The Formal Verification and Security group works on the application of formal verification methods to systems and mechanisms of real-world complexity, with special attention to security. For example, we have created rigorous formalizations of feature constructs for programming and specification languages. We were the first to apply formal verification methods to analysing electronic voting systems, and model-checking techniques to access control systems.
Computer security research was expanded and strengthened in 2007 by new appointments. The resulting new research includes approximate-logic based verification of large-scale, open-source software, analysis of anonymous file sharing, and applied cryptography and information security including the development of digital signature schemes. A collaboration with Liqun Chen (HP Labs, Bristol) on fundamentals of verification of voting-protocol security is addressing conflicts between security and privacy in the context of Direct Anonymous Attestation.
Our research interests include:
We are developing formalisms and theories for the modelling of security protocols, as well as methods and software tools for their analysis. The importance of this work lies in the ability to analyse a complex design, before the actual hardware or software component has been manufactured and deployed. The effort spent on deriving a model and analysing it results in an assurance that the end product does indeed satisfy its security objectives. Our current research focuses on privacy properties as found in trusted computing, contract signing and electronic voting protocols.
Access control systems are a pervasive component in modern computer systems, being used to moderate access to resources such as files, mobile devices, databases, and web services. As systems become more sophisticated, the policies which regulate access controls become increasingly dynamic, complex, and prone to errors. Our research develops languages and enforcement mechanisms that enable users to administer access controls based on their requirements of a system's behaviour. Furthermore, we develop formalisms to model access control systems, allowing us to verify their correctness.

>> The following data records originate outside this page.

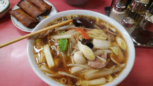 Read more2023/3訪問 夜に出かける用事があったので、夕飯は外食に。 通り道にあり、ランチ時間には車がけっこう止まっているこちらのお店へ。 先客無し。 私は広東麵。 主人はチャーハン。 それと春巻き。 配膳めっちゃ早い。 10分かからない。 と思ったら、出てきた春巻きが焦げ気味。(写真奥に映っています) 揚げ過ぎだね!?と思っていたら、中は冷めている。 あぁ~~一度揚げておいて、注文があったら二度揚げする感じね。 だから早いのね。 けどさぁ、中冷たいのはどうかと思う。 ラーメンもチャーハンもそれなりだけど、結構いい値段す...
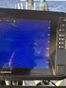 目視では魚の反応は得られないが、ソナーではばっちりあいつらが。。。
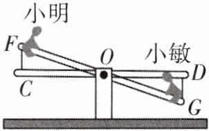 4. 如图,小明与小敏在玩跷跷板游戏,若跷跷板的支点 O(即跷跷板的中点)到地面的距离是 42 cm,当小敏从水平位置 CD 下降 16 cm 到点 G 位置时,小明在点 F 处。求小明离地面的高度。
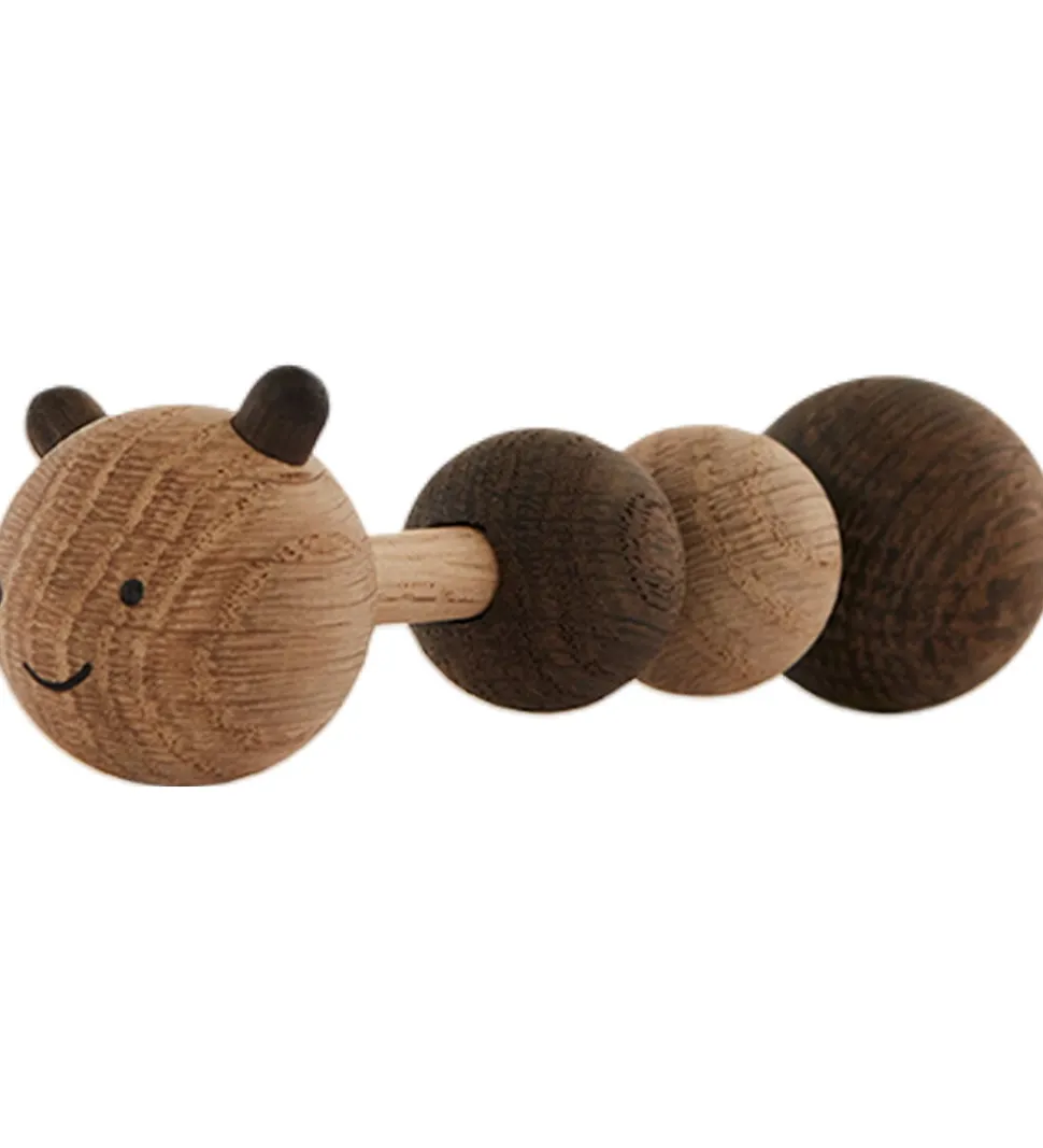 Charmerende OYOY rangle formet som en larve i to forskellige farver træ.
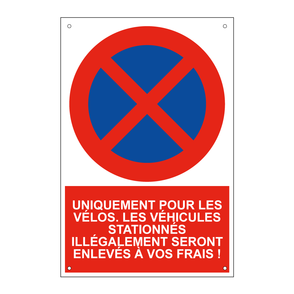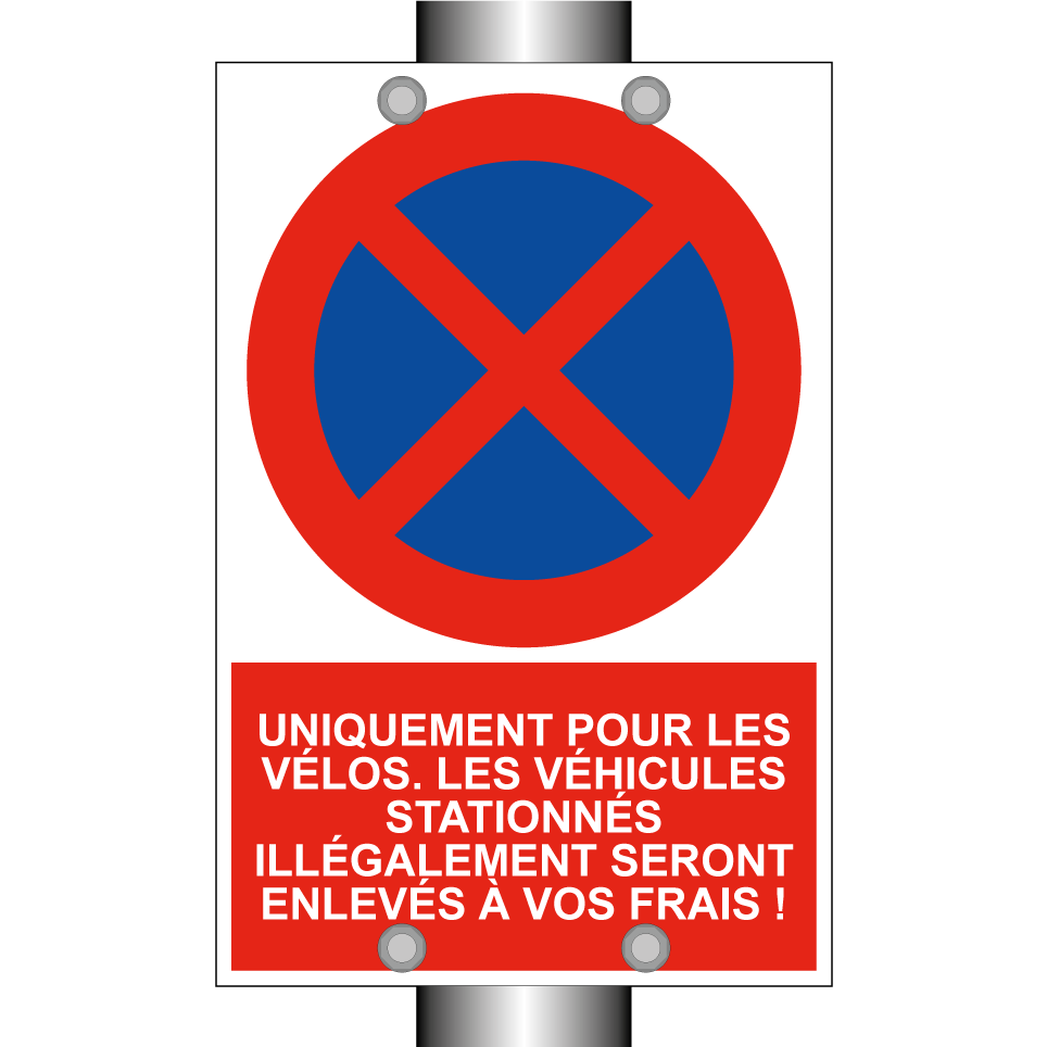 Panneau d'interdiction de stationner avec le texte : "Uniquement pour les vélos. Les véhicules stationnés illégalement seront enlevés à vos frais !" et une symbolique claire.

Cryptography aims to provide the basic building blocks to achieve security related objectives such as confidentiality, integrity, authentication and non-repudiation. Our work involves the design, analysis and application of cryptographic primitives. Currently, our focus includes digital signatures, fair exchange and authentication. We are also interested in identity privacy, key agreement protocols, public key encryption, pairing-based cryptography, algorithms & implementations, multimedia security and network security.

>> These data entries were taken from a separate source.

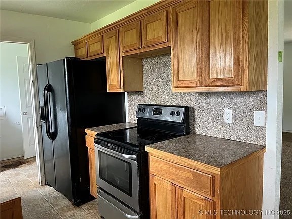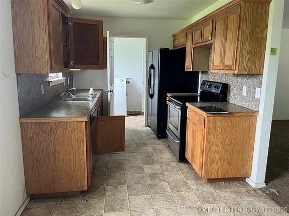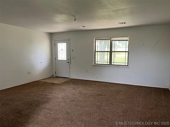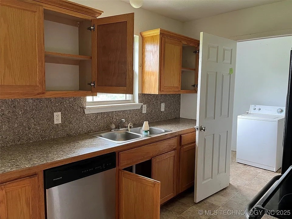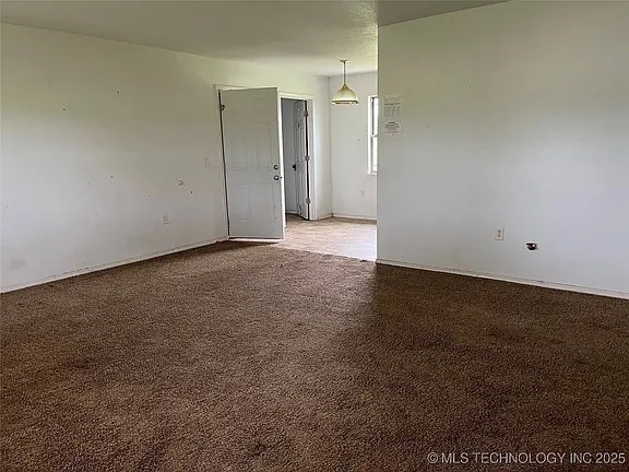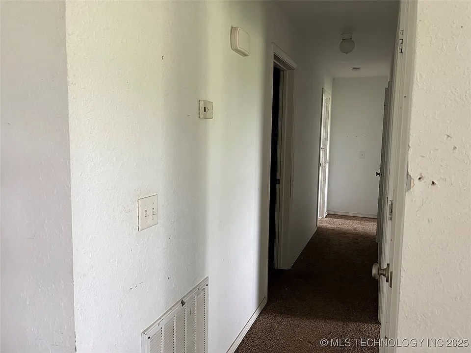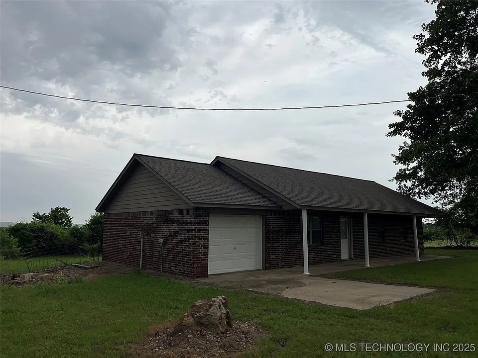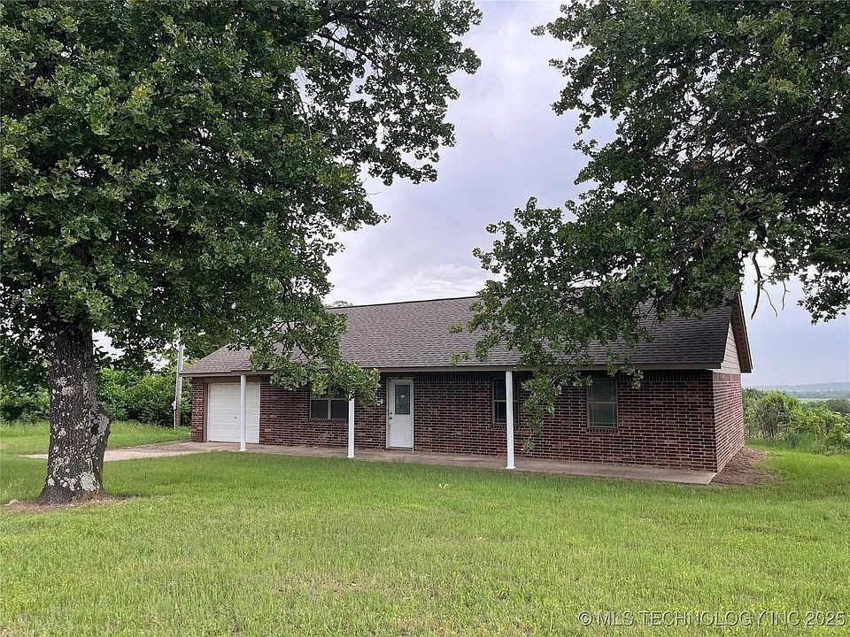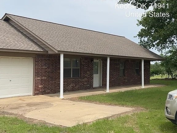 This spacious brick home has a beautiful panoramic view of the rolling hillsides. Located just outside Keota and conveniently near the Kerr Reservoir. The living, dining, and kitchen areas are open, but comfortably separated. Three bedrooms and two full baths make this an ideal floor plan. The garage and laundry are separate for convenience and storage. The yard is partially fenced with a shed and an outbuilding. Great for investors or owner-occupied fixer-upper!
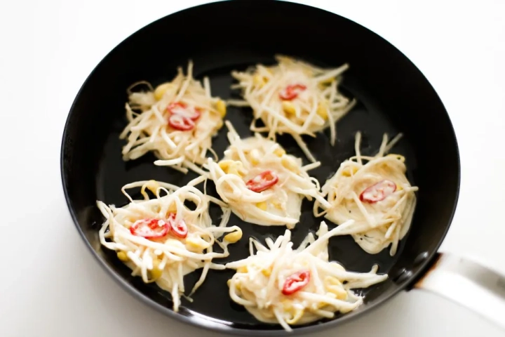 콩나물 반죽을 너무 두껍지 않게 가지런히 깔아주고
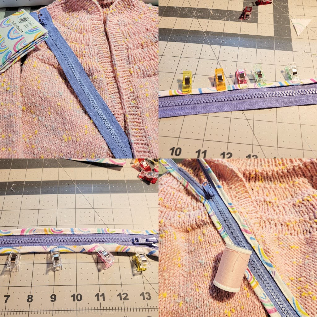 I finished the inside of the zipper with my typical bias binding method. I love using bias binding because it not only finishes the edge, but also offers a discreet way to attach the zipper to the fabric. To baste the zipper to the cardigan, I hide the stitches by running the hand stitching underneath the “lip” created by the machine stitching. Then I secure the bias tape the same way you would a quilt binding or hem. Here is a little visual of the process and materials (excuse the crazy lighting from my sewing table).
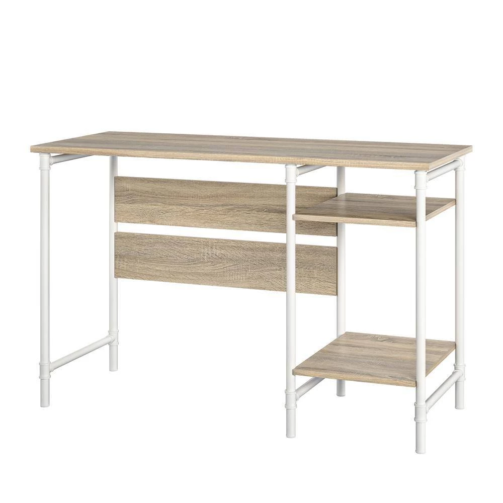 - Place your laptop, work lamp, and photos on the large desktop. Keep extra office supplies, paper, and manual handy on the 2 open side shelves to have easy access to everything you need to finish projects. End grain edge banding gives the Desk a realistic wood look
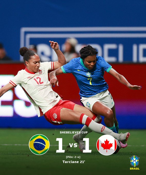 A seleção feminina de futebol terá que disputar o terceiro lugar da Copa SheBelieves, torneio realizado nos Estados Unidos e que serve de preparação para a Olimpíada de Paris, na França. Neste sábado (6), as brasileiras foram superadas nos pênaltis pelo Canadá, no Estádio Mercedes-Benz, em Atlanta, por 4 a 2, após empate por 1 a 1 no tempo normal, em uma das semifinais da competição amistosa. A partida foi transmitida ao vivo pela TV Brasil.

Software security aims to develop mechanisms to ensure the safe design and execution of software. We are primarily interested in the development of language protection mechanism using formalisms such as Hoare logic and Separation Logic. Recent advances in program logics make it possible to reason rigorously about pointers, the heap and concurrency. This enables us to offer better protection against buffer overflows, format string attacks, race conditions and code injections.